Q3: What are the common side effects?
A: Headache, dizziness, fatigue, ankle swelling, nausea, and slow heart rate are common side effects.
Q4: Are there any serious side effects to watch out for?
A: Yes, rare but serious side effects include severe low blood pressure, heart block, and worsening of heart failure.
Q5: What are the contraindications to using this combination?
A: Contraindications include hypersensitivity, severe bradycardia, heart block, heart failure, and pregnancy.
Q6: Does this combination interact with other medications?
A: Yes, it can interact with other blood pressure medications, certain heart medications, and some antibiotics. Consult with a pharmacist or physician for specific interactions.
Q7: Can I take this medication if I am pregnant or breastfeeding?

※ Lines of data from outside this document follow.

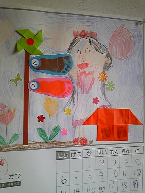 子育て支援センターで、小春の足形を使ったこいのぼりカレンダーを作りました☆
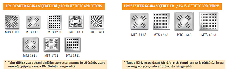 | MTS 2101 | 15×15 alttan çıkışlı kare fileli sistem Ø 50 |
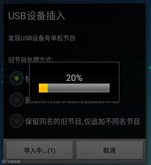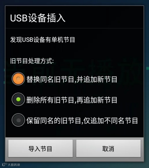 只需将已经制作好单机节目的U盘插入已经开启单机模式设备的USB口中,即可看到下面的提示:
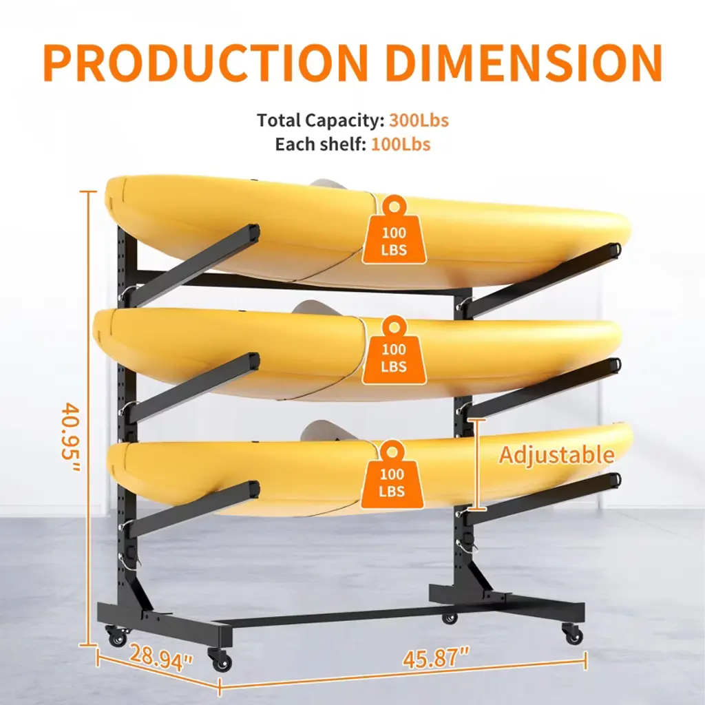 This heavy-duty kayak stand is built from high-quality steel, ensuring exceptional durability and stability, supporting up to 100 lbs per tier. It features 360° movable and lockable wheels for easy positioning, adjustable height, and multi-position arms for various kayak sizes.
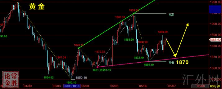 交易参考:周初注意1880一线反映,不破买涨,假使震荡1874左右多,无意中见1850持续多,计划1887-1897突破看10美金以上,具体可以参考上面的分析。
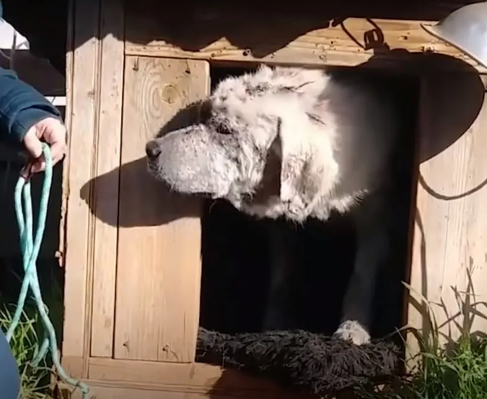 But after eating, Bo retreated into his doghouse and refused to come out. The rescuers soon realized they would have to gently pull him out to help him.
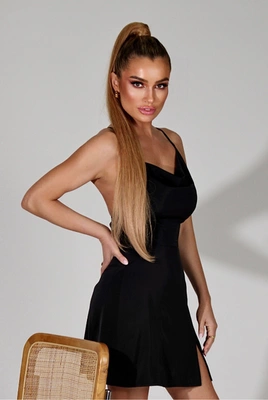 Sheila - Damska Sukienka czarna asymetryczna dopasowana mini 'Sharon'
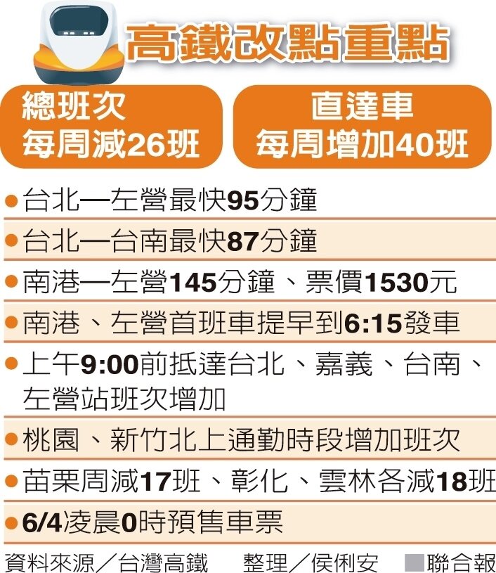 此外,這次新班表也洗刷台北到台南曾被稱為「台灣高鐵最遙遠的距離」的形容詞,原本台北到台南要九十五分鐘,班次也少,新班表將現有的半直達車,取消停靠嘉義站,讓北南首次出現八十七分鐘班次,並增開十五班。

A: It is contraindicated during pregnancy and not recommended during breastfeeding.
Q8: What precautions should I take while on this medication?
A: Avoid abrupt discontinuation, monitor blood pressure regularly, and report any unusual symptoms to your doctor.
Q9: What should I do if I miss a dose?
A: Take the missed dose as soon as you remember, unless it is almost time for the next dose. Do not double the dose.
Q10: How does this combination help control blood pressure?
A: Cilnidipine widens blood vessels, while metoprolol slows the heart rate and reduces its workload. Together, they effectively lower blood pressure.